30万人近いタミル人が劣悪な環境の収容所に

(ニューヨーク)-スリランカ政府は、スリランカ内戦により避難を余儀なくされた30万近いタミル人の違法な拘禁を止めるべきである、と本日ヒューマン・ライツ・ウォッチは述べた。スリランカ内戦は5月に終結したばかり。

スリランカ政府は、国際法に反し、北部での戦闘により移動を余儀なくされた人々を、1年以上にわたり事実上全員(家族全員を含む)、軍が運営するキャンプに拘禁してきた。スリランカ政府は、年末までに殆ど全員が故郷に帰れるだろう、と述べる。しかし、過去のスリランカ政府の行い、そして拘禁中の人々の解放に向けた具体的な計画がないことを考慮すると、無期限拘束の懸念が募る、とヒューマン・ライツ・ウォッチは述べた。

「30万人のタミル人の男性・女性・子どもを、まるでタミルの虎の戦闘員のように扱うのは、国家的な恥と心得るべきだ」、とヒューマン・ライツ・ウォッチのアジア局長 ブラッド・アダムズは述べた。「避難民となったタミルの民間人には、他のスリランカ人と同じように、自由に対する権利と移動の自由がある。」

スリランカ当局が、タミルの虎の戦闘員を探しだすために、戦闘地域から逃れてきた人々をスクリーニングすることは理解できる。しかし、人びとを恣意的に拘束したり、移動の自由に対する不必要な制限を設けることは、国際法により禁止されている。よって、拘束された者を、速やかに裁判官と面接させた上で刑事犯罪で訴追するか、さもなくば、釈放しなくてはならない。人権法は、安全上の理由による移動の自由の制約を認めているが、その制約は、明確な法律的根拠に基づき、必要な範囲に制限され、脅威に比例するものでなくてはならない。

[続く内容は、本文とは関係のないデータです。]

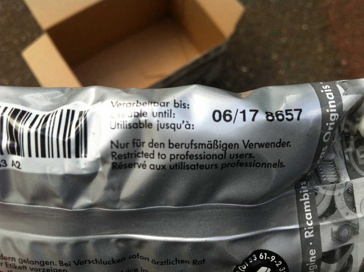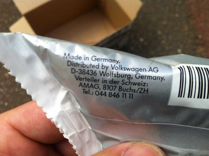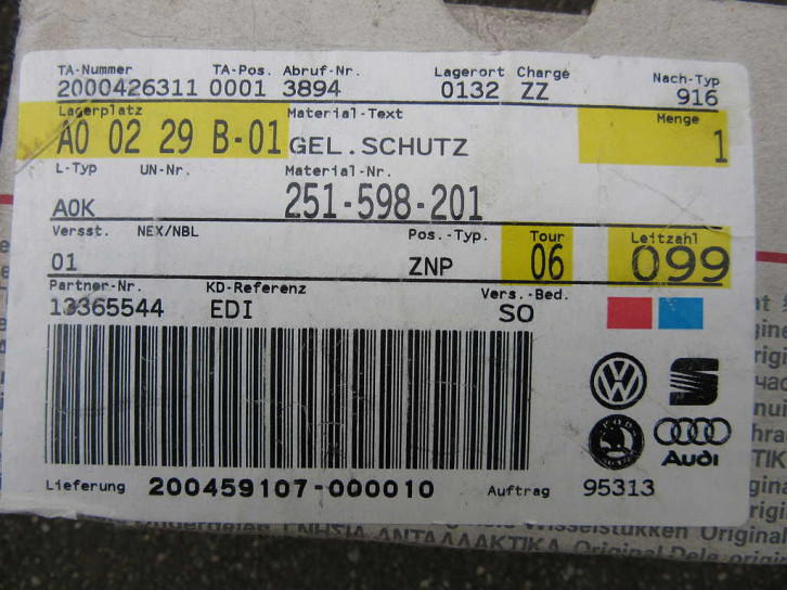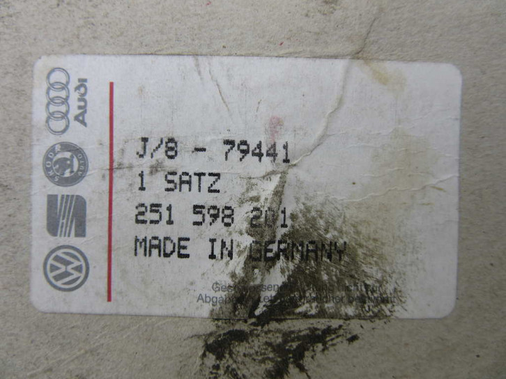 Auf der VW (+ Audi+ Seat + Skoda...) Verpackung steht die Bestellnummer 251 598 201, auf der Manschette am Rand unter der Metallfassung steht 211 501 151 B. Im Set enthalten sind der Sprengring und das Hochtemperaturfett für das zu schützende Kugellager. Der Metallring ist scheinbar schwarz chromatiert - nicht wie bei vielen anderen gelb chromatiert. Auf den Produkten steht (Made in) Germany.
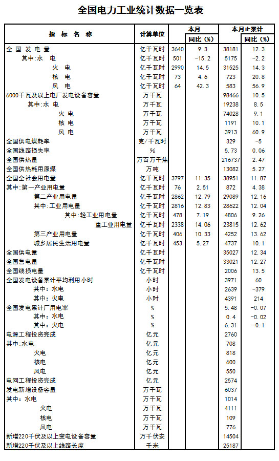 1-10月份,全國(guó)基建新增發(fā)電生產(chǎn)能力(正式投產(chǎn))6037萬千瓦,比上年同期多投產(chǎn)366萬千瓦,主要是第三季度以來新增裝機(jī)容量比上年同期多330萬千瓦左右。1-10月份,水電、火電、核電、并網(wǎng)風(fēng)電分別新增1014萬千瓦、4111萬千瓦、109萬千瓦和776萬千瓦,并網(wǎng)太陽能光伏發(fā)電新增27.7萬千瓦,比上年同期多投產(chǎn)18.7萬千瓦。

2008年3月以来、スリランカ政府は、タミル・イーラム・解放の虎が支配していた地域から逃れてきたほぼ全ての民間人を、「福祉センター」及び「暫定救援村」と政府が呼ぶ施設に拘束してきた。解放されたのは、高齢者を中心とする少数の人びとだけで、受け入れ家庭や高齢者用施設に行くことができた。しかし、圧倒的大多数は今も拘束されたままである。6月5日現在、スリランカ当局は北部のヴァヴニヤ(Vavuniya)、マナー(Mannar)、ジャフナ(Jaffna)、トリンコマリー(Trincomalee)の4地域にある40のキャンプに278,263名の人々が拘束されている、と国連は報告した。

拘束されている者の多くは、この地域に近い親戚がいて、キャンプを出ることが許されれば、こうした親戚たちと一緒に暮らすことが出来る。

「多くの人々は、他に行く所がないからキャンプにいるのではない」とアダムスは述べた。「政府が出て行くのを許さないために、キャンプに閉じ込められているのである。」

近時の国内避難民の大量流入以前は、スリランカ政府は、最大3年間、避難民をキャンプに拘束する提案をしていた。その計画によれば、キャンプ内に親戚がいる者は、最初の検査の後、出入りを許されるが、若者や単身者はキャンプを出ることは許されない、というものだった。国際社会からの抗議の後、政府は計画を変更し、「2009年の終わりまでには、国内避難民の80%を再定住させる」とした。しかし、スリランカ政府が、これまでに、厳重な通行証システムや、キャンプを出ることへの厳しい制限を通して、国内避難民の権利を制約してきたことを考えると、国内避難民は何年間もキャンプに閉じ込められる可能性がある、との懸念が高まっている。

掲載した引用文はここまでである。